[Exercise details]: Exactly the lines below, starting with the one containing "Водяний пістолет з" and going on through the one containing "白蝶貝をドーム型に加工し、土", must be reproduced, both ends included, and no pictures with them.

[Supplied data]:
──────────────────────────────

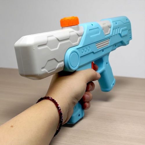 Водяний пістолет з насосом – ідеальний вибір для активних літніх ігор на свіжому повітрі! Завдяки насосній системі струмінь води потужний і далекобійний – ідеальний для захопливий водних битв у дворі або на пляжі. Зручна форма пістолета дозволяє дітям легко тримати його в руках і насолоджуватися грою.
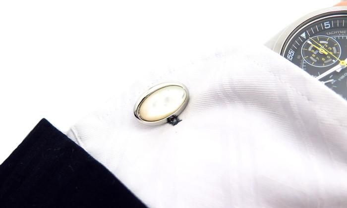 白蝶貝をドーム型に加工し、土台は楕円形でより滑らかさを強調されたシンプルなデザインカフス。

──────────────────────────────

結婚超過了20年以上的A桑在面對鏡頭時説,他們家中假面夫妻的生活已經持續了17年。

──────────────────────────────

[Response box]:
 Водяний пістолет з насосом – ідеальний вибір для активних літніх ігор на свіжому повітрі! Завдяки насосній системі струмінь води потужний і далекобійний – ідеальний для захопливий водних битв у дворі або на пляжі. Зручна форма пістолета дозволяє дітям легко тримати його в руках і насолоджуватися грою.
 白蝶貝をドーム型に加工し、土台は楕円形でより滑らかさを強調されたシンプルなデザインカフス。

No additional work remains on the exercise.